Dataset entries:

++++

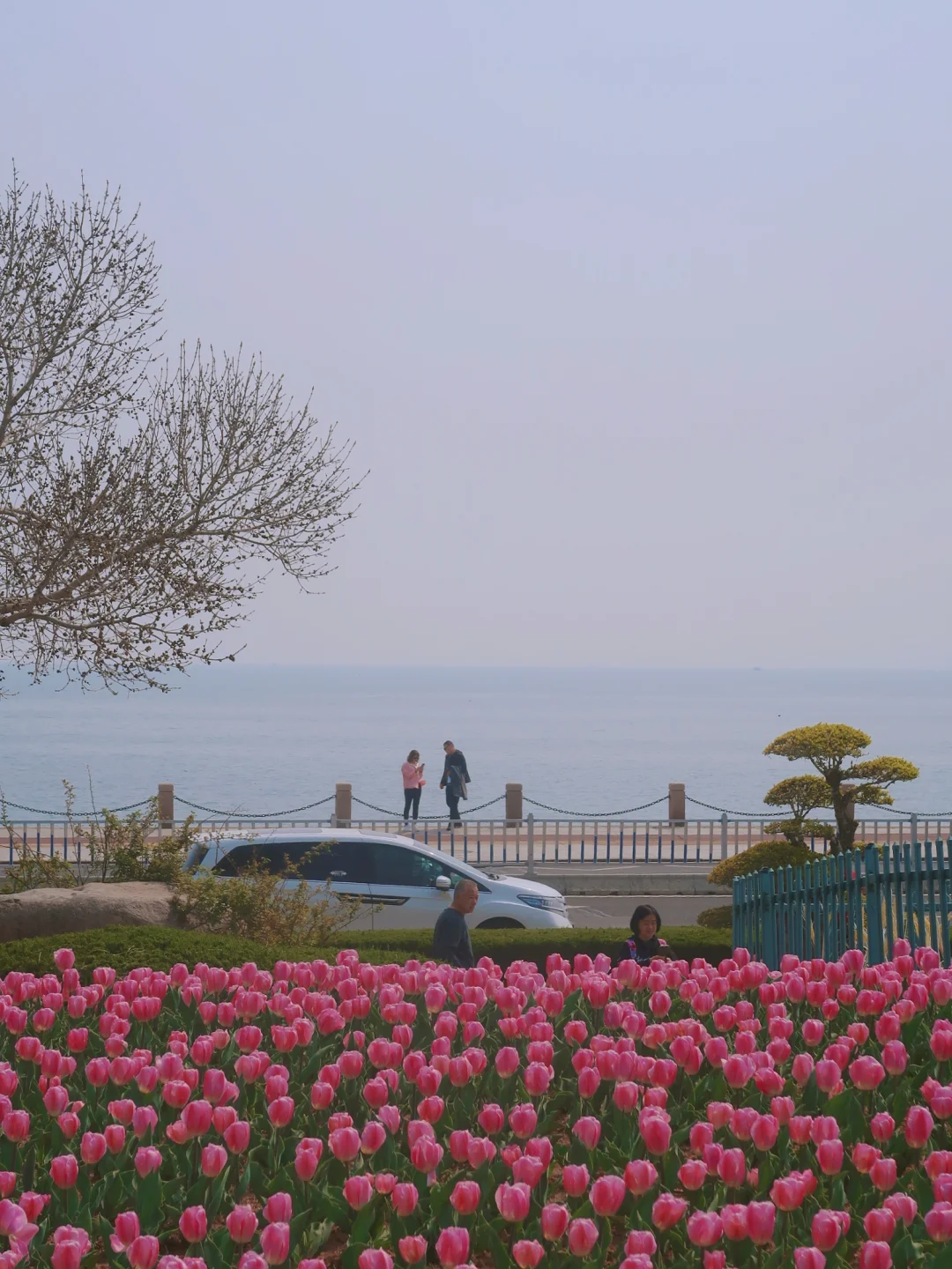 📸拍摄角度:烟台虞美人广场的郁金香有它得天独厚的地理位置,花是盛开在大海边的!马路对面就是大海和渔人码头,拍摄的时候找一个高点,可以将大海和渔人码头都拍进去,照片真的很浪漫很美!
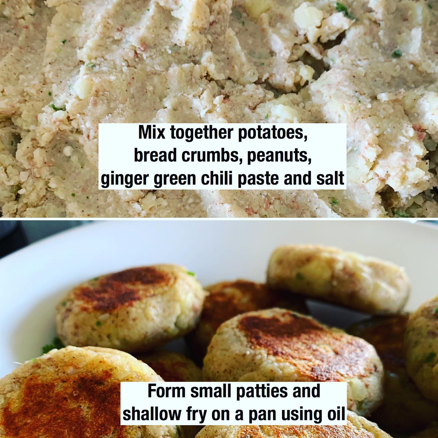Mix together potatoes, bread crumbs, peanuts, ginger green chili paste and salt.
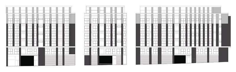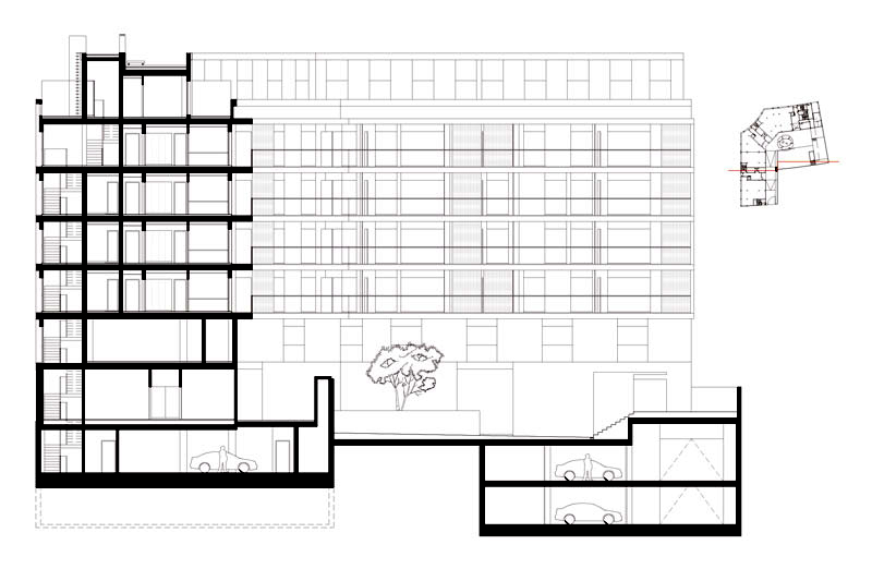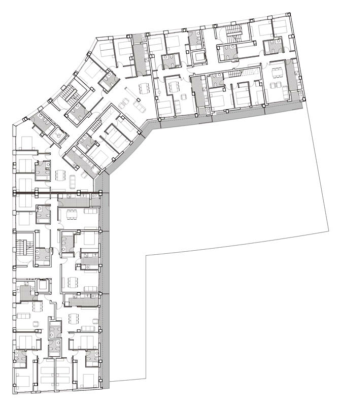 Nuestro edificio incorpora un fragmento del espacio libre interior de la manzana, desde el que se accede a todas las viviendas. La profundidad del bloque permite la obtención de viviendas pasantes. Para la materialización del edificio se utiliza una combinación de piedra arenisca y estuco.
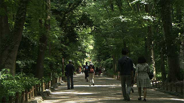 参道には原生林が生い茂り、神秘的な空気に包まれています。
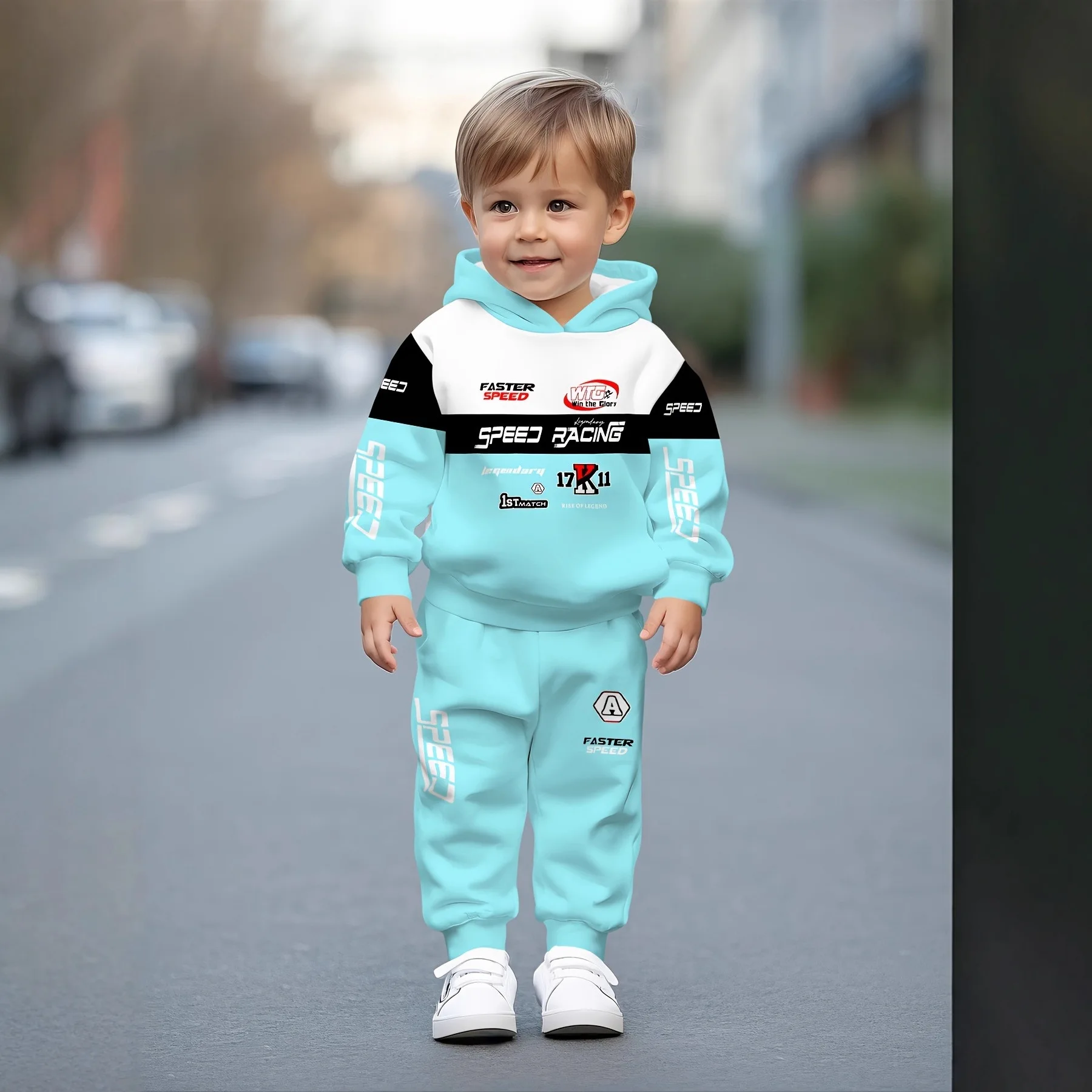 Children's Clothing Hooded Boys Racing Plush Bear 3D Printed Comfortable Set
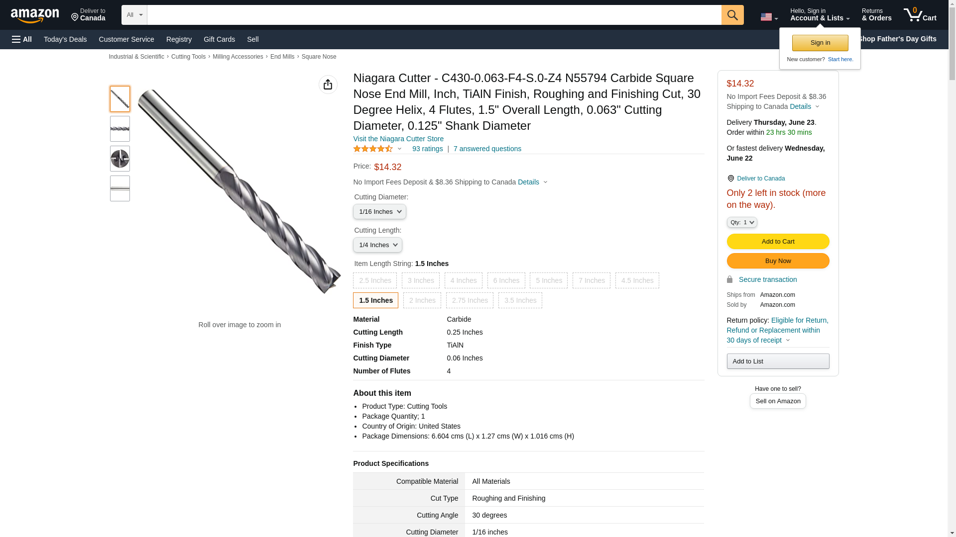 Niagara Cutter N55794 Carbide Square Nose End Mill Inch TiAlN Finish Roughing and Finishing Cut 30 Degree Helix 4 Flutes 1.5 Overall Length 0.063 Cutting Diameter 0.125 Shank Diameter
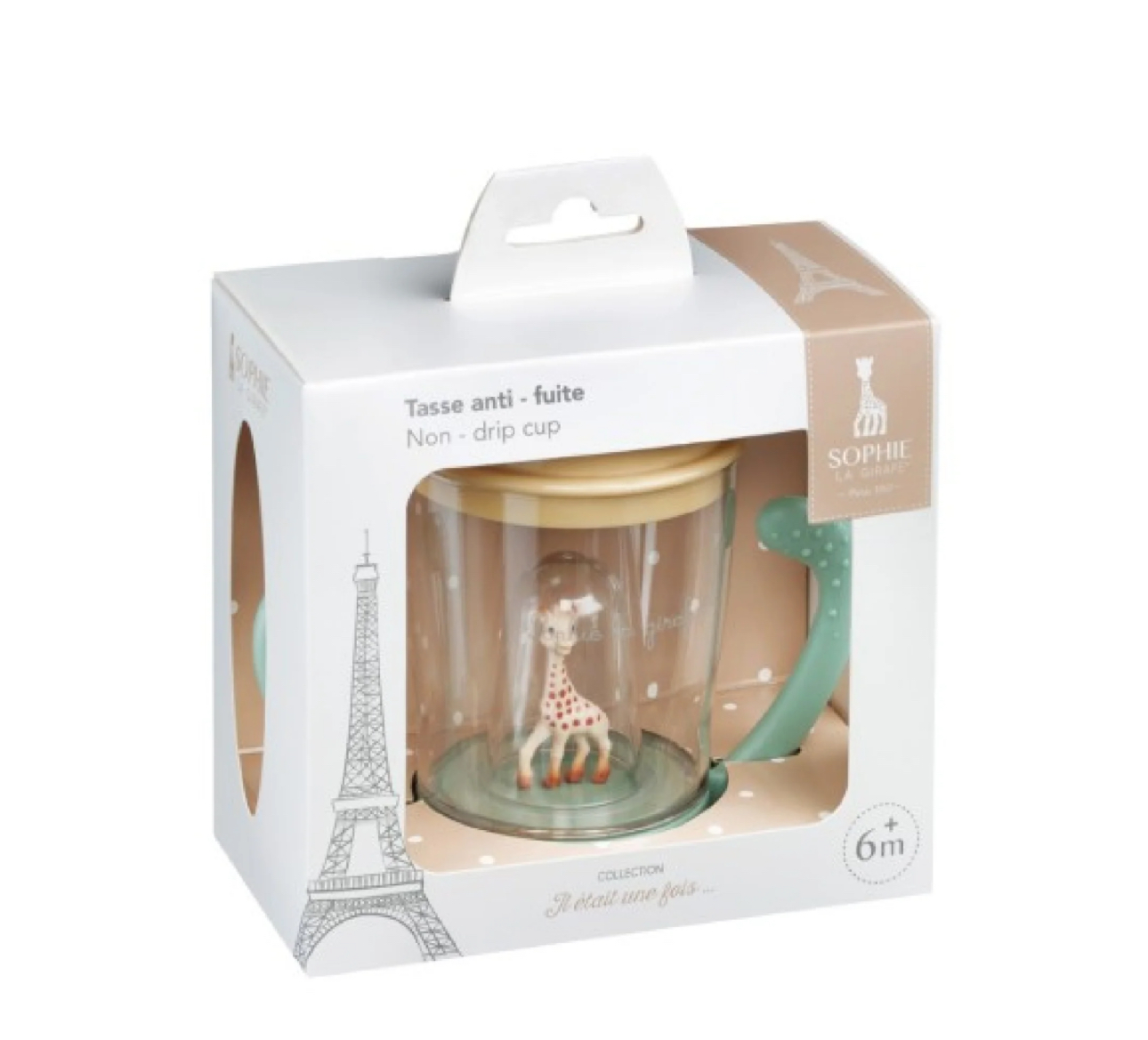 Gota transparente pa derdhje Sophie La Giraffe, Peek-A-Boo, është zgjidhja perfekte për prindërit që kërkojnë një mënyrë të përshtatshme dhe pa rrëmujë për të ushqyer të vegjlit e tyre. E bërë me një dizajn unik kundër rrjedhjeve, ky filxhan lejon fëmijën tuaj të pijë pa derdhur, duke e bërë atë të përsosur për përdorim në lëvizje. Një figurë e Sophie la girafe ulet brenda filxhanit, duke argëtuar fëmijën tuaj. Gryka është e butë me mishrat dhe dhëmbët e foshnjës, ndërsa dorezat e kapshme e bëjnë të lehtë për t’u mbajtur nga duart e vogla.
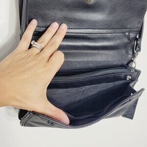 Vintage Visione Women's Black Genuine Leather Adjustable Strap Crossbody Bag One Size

++++

## TASK PROMPT
Transcribe each entry above exactly, apart from the pictures.

## EXERCISE ANSWER
 📸拍摄角度:烟台虞美人广场的郁金香有它得天独厚的地理位置,花是盛开在大海边的!马路对面就是大海和渔人码头,拍摄的时候找一个高点,可以将大海和渔人码头都拍进去,照片真的很浪漫很美!
Mix together potatoes, bread crumbs, peanuts, ginger green chili paste and salt.
 Nuestro edificio incorpora un fragmento del espacio libre interior de la manzana, desde el que se accede a todas las viviendas. La profundidad del bloque permite la obtención de viviendas pasantes. Para la materialización del edificio se utiliza una combinación de piedra arenisca y estuco.
 参道には原生林が生い茂り、神秘的な空気に包まれています。
 Children's Clothing Hooded Boys Racing Plush Bear 3D Printed Comfortable Set
 Niagara Cutter N55794 Carbide Square Nose End Mill Inch TiAlN Finish Roughing and Finishing Cut 30 Degree Helix 4 Flutes 1.5 Overall Length 0.063 Cutting Diameter 0.125 Shank Diameter
 Gota transparente pa derdhje Sophie La Giraffe, Peek-A-Boo, është zgjidhja perfekte për prindërit që kërkojnë një mënyrë të përshtatshme dhe pa rrëmujë për të ushqyer të vegjlit e tyre. E bërë me një dizajn unik kundër rrjedhjeve, ky filxhan lejon fëmijën tuaj të pijë pa derdhur, duke e bërë atë të përsosur për përdorim në lëvizje. Një figurë e Sophie la girafe ulet brenda filxhanit, duke argëtuar fëmijën tuaj. Gryka është e butë me mishrat dhe dhëmbët e foshnjës, ndërsa dorezat e kapshme e bëjnë të lehtë për t’u mbajtur nga duart e vogla.
 Vintage Visione Women's Black Genuine Leather Adjustable Strap Crossbody Bag One Size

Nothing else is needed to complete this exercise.